Using Collections
Our intent is to make it quick and simple to use existing Underlay collections. There will likely be several iterations on designing the best approach for achieving this.
There are a number of important elements that a user of data may want to customize for thier use case:
- Shape of the output data (e.g. how the data is nested and which fields are included)
- Key names of output data (e.g. to align with production systems)
- Format of the output data (e.g. JSON file, CSV file, hosted database, public API)
- Auto-versioning functionality (e.g. do you always want the latest version, or a specific version of the data )
Re-use of exports
One social practice we notice in code and would like to mimic for data, is being able to see how people use public datasets. Having examples of the ways in which data is being exported and used can help guide people as they try to understand the most relevant and useful pieces of a dataset. Such information is also useful feedback for the data producer.
Current approach: Static cached files
At present, exports are generated as static, cached files. The files can either be CSV or JSON, and new cached files are produced for each new version of the collection.
Export files can specify a mapping that allows users to choose which fields they want included in their exported file, as well as rename those fields to align with their use case.
At present, there is no way to filter data from an export beyond including or excluded a specific class or attribute.
Future Approach: Queries
An improved interface for exports would be to allow users to generate a query whose result is cached and storage.

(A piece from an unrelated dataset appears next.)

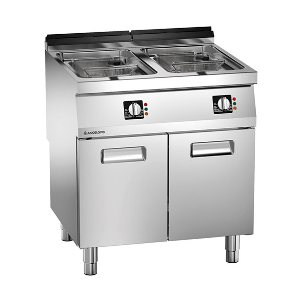 Friteza od nerđajućeg čelika AISI 304, debljina vrha 20/10 mm. Presovani bunari, zapečaćeni na vrhu, velikodušno prekriveni velikom drenažnom zonom; svaki bunar isporučen sa 1 korpom i 1 poklopcem. Mehaničke kontrole. Kontrola temperature preko termostata 100-190°C. Nagibni grejni elementi u bunaru. Predpodešavanje za daljinsko upravljanje vršnom snagom.
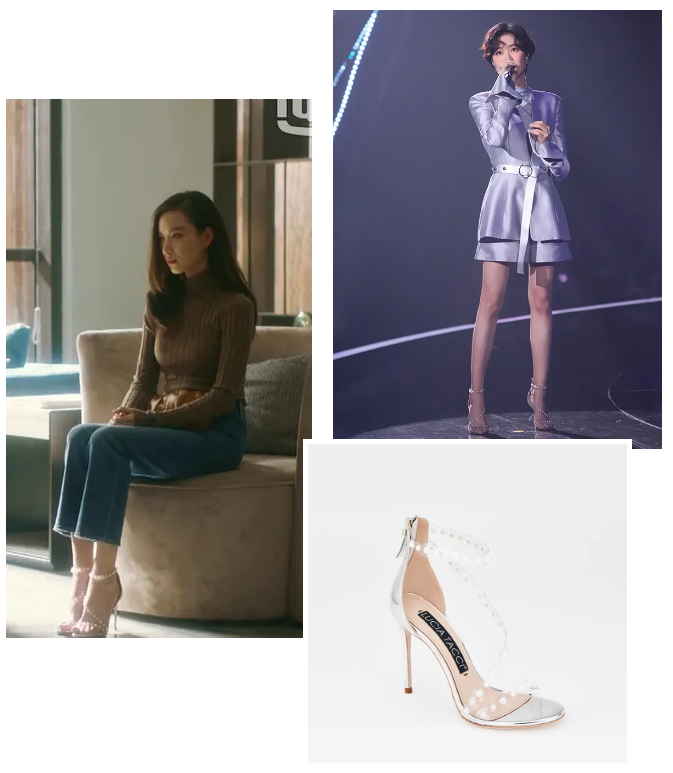 让我印象深刻的还有回她被King Kong请去公司,穿了双细高跟凉鞋。上面缠绕着小珍珠,超精致!这双来自Lucia

The output result may be similar to static cached files (e.g. a JSON file or CSV file), but they would have more granular control over which data is included in these output files.
Future Approach: Hosted instances
One future interface we intend to implement is the ability to quickly stand up a private, hosted database that is populated with the collection's data or a queried subset of the data. This hosted instance would be production-grade and could be immediately used in a production environment. Settings on whether the content of the hosted instance is automaticall incremented as new collection versions are published would be configurable.
This would give users a simple way to take existing collections and using them in production environments quickly, and with low maintenance overhead.